Conference: NeurIPS 2025 arXiv: 2509.25927 Code: None Area: Audio/Speech (Adversarial Robustness) Keywords: Adversarial Robustness, Scaling Laws, Black-box Attacks, Data Quality, Vision Models

TL;DR

A systematic evaluation of 36 state-of-the-art vision models under 6 categories of black-box attacks reveals that attack success rate (ASR) decreases logarithmically with training data volume and model scale; however, data quality and model scale are more critical than data volume alone.

Background & Motivation

Background: DNNs have achieved remarkable success on CV tasks, yet adversarial examples remain a fundamental challenge for deploying models in safety-critical applications. Recent years have seen the emergence of diverse training paradigms—ViT, DINOv2, CLIP, etc.—with training datasets ranging from 1.2 million to 22 billion images.

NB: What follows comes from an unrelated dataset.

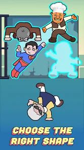 你会遇到很多奇怪的朋友:僵尸、奶奶、超人、水手……世界各地。他们有一个共同点,就是摆出滑稽的姿势。任务是用奇怪的人的正确姿势填充阴影,确保警察在没有人注意的情况下经过。

Limitations of Prior Work: It has been commonly assumed that larger datasets and more sophisticated training objectives lead to stronger robustness; however, empirical observations show that some models trained on small, carefully curated datasets are more robust than those trained on orders-of-magnitude larger datasets.

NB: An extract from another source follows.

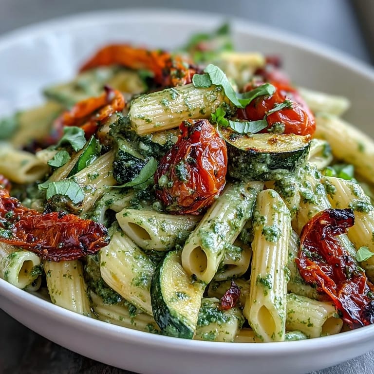 Four servings is what the recipe makes, but I've learned a few tricks for adapting it based on what's in your garden or what your farmer had that morning. The vegetables are the star, so anything roastable works—eggplant, asparagus, cherry peppers, mushrooms, or even broccoli if you catch it at the right moment. Once you understand the ratio of pasta to vegetables to pesto, you can scale it up for a crowd or down for just yourself without losing what makes it special.

Key Challenge: The independent contributions of data volume, data quality, model scale, and training paradigm to robustness have not been isolated or quantified.

Goal: Establish quantitative relationships (scaling laws) between training data characteristics and adversarial robustness.

Key Insight: A large-scale systematic evaluation spanning 36 models and 6 categories of semantic attacks.

Core Idea: Adversarial robustness decreases logarithmically with data volume and model size; however, the effect of model scale far outweighs that of data volume, and models trained on high-quality curated data (e.g., DINOv2) can substantially outperform CLIP models trained on 100× more data.

Method

Overall Architecture

A comprehensive black-box evaluation framework is constructed: - 36 models: ViT, ResNet, CLIP, DINOv1/v2, Swin/v2, ConvNeXt, YOLO, ViT-MAE, PaliGemma, BEiT/v2, SigLIP/v2 - 6 attack categories: Random Perturbations, GeometricMasksV1, GeometricMasksV2, COCO Objects, ImageNet-C, ImageNet-R - Evaluation: ImageNet-1K validation set

Key Designs

Evaluation Metrics

  • Accuracy: \(\text{Acc}(C, \mathcal{D}) = \frac{1}{|\mathcal{D}|} \sum_{(x,y) \in \mathcal{D}} \mathbf{1}[C(x) = y]\)
  • Attack Success Rate (ASR): \(\text{ASR} = \frac{1}{|\mathcal{S}_{\text{correct}}|} \sum_{(x,y) \in \mathcal{S}_{\text{correct}}} \mathbf{1}[C(A(x)) \neq y]\)
  • For scenarios where original clean images are unavailable, a proxy dataset is used to approximate ASR, with an error of 3.09 pp (\(\sigma=1.93\) pp)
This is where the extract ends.